Up until a press conference in June last year, the so-called also came up in Austria Convalescent plasma: Blood plasma from Covid-19 convalescent. The antibodies against SARS-CoV-2 contained in it should help the seriously ill. Individual cases were presented as an example of the positive effect with Covid-19, and called for plasma donations. The principle of the convalescent plasma is ancient and has been used in the past for various infectious diseases.

However, science is currently speaking against a broadly demonstrable effect of convalescent plasma. Again in JAMA a meta-analysis of four published studies on how efficacy (publications with peer review) with 1060 patients appeared. In addition, there was the data from a further six as yet unpublished scientific studies with many thousands of people treated.

Conclusion: Between those who received the plasma in the first four published scientific studies and those who did not, there was only one insignificant statistical difference in mortality of seven percent. When evaluating the information from 10,722 patients with or without plasma treatment, the difference was two percent. There was also no effect with any of the other criteria for the course of Covid 19 disease, as Perrine Janiaud and her co-authors found.
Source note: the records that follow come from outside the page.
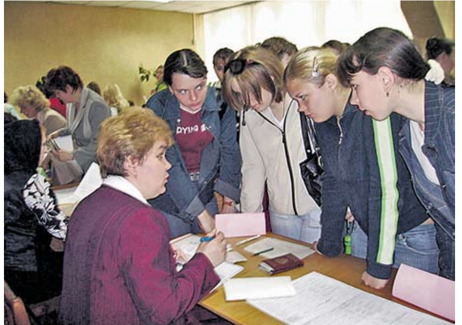
Молодь активно шукає роботу на ярмарках вакансій

У центрі уваги традиційної апаратної наради у Будинку спілок були проведена Рада ФПУ, підготовка до з'їзду організації, аналіз низки запропонованих урядових новацій, судові розгляди справ за участі профспілок, розглянути питання безпеки охорони праці, співпраця з міжнародними організаціями. Про головні моменти обговорення – докладніше.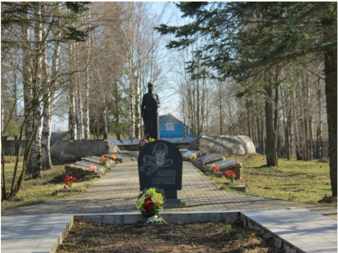
Мемориалы в поселке Ошта Ленинградской области на правом фланге линии обороны 114-й дивизии.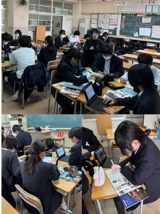
學生們進行分組，討論學到的臺灣文化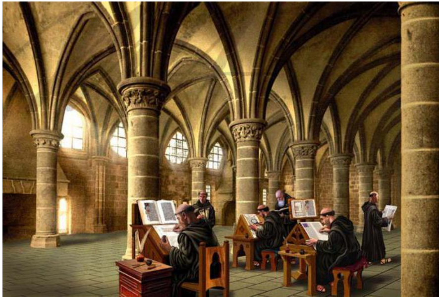
Prilog 11. Skriptorij (dostupno na: https://hr.erch2014.com/obrazovanje/88236-cto-takoe-skriptorij-istoriya-i-fakty.html )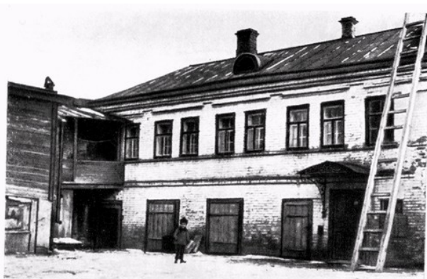
Дом в Нижнем Новгороде, где прошло детство Я. М. Свердлова.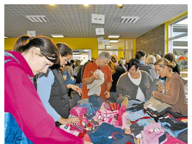
Groß war die Auswahl an Herbst- und Winterkleidung beim Mutter-Kind-Basar.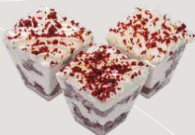
МИНИ-ТРАЙФЛ КРАСНЫЙ БАРХАТ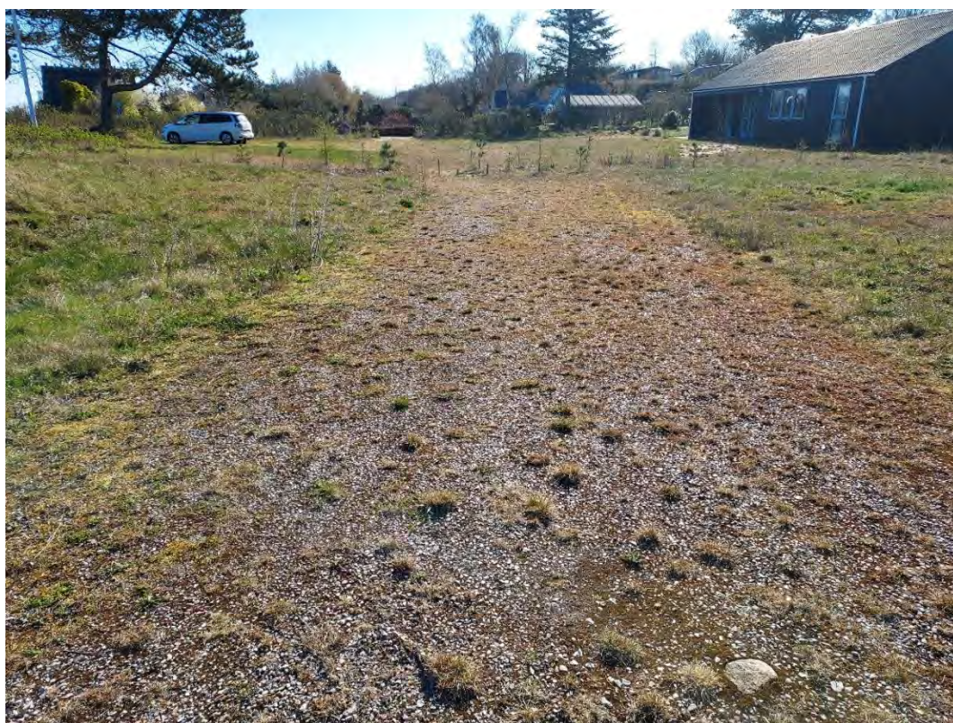
Foto 6: Tidligere vej. Jordbunden er for hård til at være egnet som yngle-/rasteområde. Det velegnede område 3 ses til venstre i billedet.

Means from tropical medicine

The ancient parasite / worming agent Ivermectin is also currently under discussion. It has been used in tropical medicine for decades. It is particularly beneficial in reducing river blindness in Africa. In 2015 the discoverers were honored with the Nobel Prize for Medicine.

A possible effect of the substance against SARS-CoV-2 was already derived from laboratory tests in April last year. Since then, a heated discussion has raged from study to study as to whether or not such an effect has also been proven or can be proven beyond doubt in placebo-controlled studies.

A randomized and placebo-controlled study from Colombia with 400 Covid-19 patients (JAMA Network) showed the use of 300 micrograms ivermectin per kilogram of body weight daily for five days no significant effect. A disappearance of the symptoms of the disease within three weeks, with 82 percent taking ivermectin and 79 percent taking placebo, meant no significant difference.

Since this publication, the discussion about ivermectin has intensified again. It has been listed as a possible treatment option by the US Institutes of Health (NIH), albeit with the limitation of insufficient data for a final assessment. A meta-analysis of studies with the substance carried out by British scientists produced weak to moderate evidence of a positive effect in Covid-19 patients. But further scientific studies with hopefully convincing results are still pending.